** Opening Material supplied block **
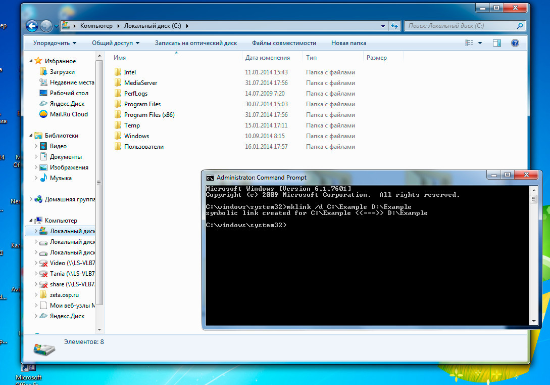 | Указанная команда создает для папки Example символическую ссылку. После этого все обращения к C:Example будут автоматически переадресовываться на D:Example |
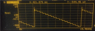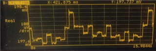 Here are the traces I'm seeing. Since the two plots were not taken at the same time, it is important to note that the highest point in both charts correspond to the same point in the waveform and that this mean the second trace is delayed from the first by one major division.
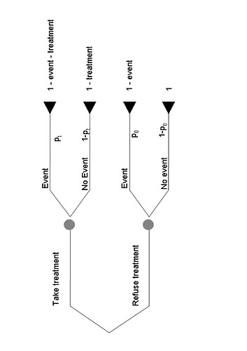 The observed utility for y=1,t=1 is 1-event-trt, i.e these patients would be better off without the useless and harmful tretment (counterfactual utility for y=1,t=0 is 1-trt).
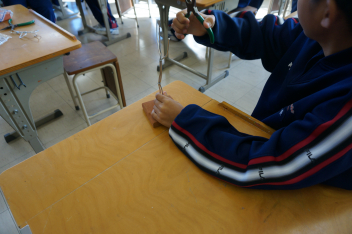 授業では、篆書体に限らず様々な字体で名前などの文字を彫ったり、かんたんなイラストなどを彫ったりしていますsad
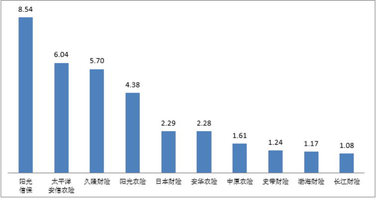 图四万张保单投诉量前10位的财产保险公司(单位:件/万张)
** Closing Material supplied block **
* [About this exercise] Pictures are not part of the copy. Extract exactly the lines from the line containing "授業では、篆書体に限らず様々" through the final line of the entries above, both included.

* [Worked solution]
 授業では、篆書体に限らず様々な字体で名前などの文字を彫ったり、かんたんなイラストなどを彫ったりしていますsad
 图四万张保单投诉量前10位的财产保险公司(单位:件/万张)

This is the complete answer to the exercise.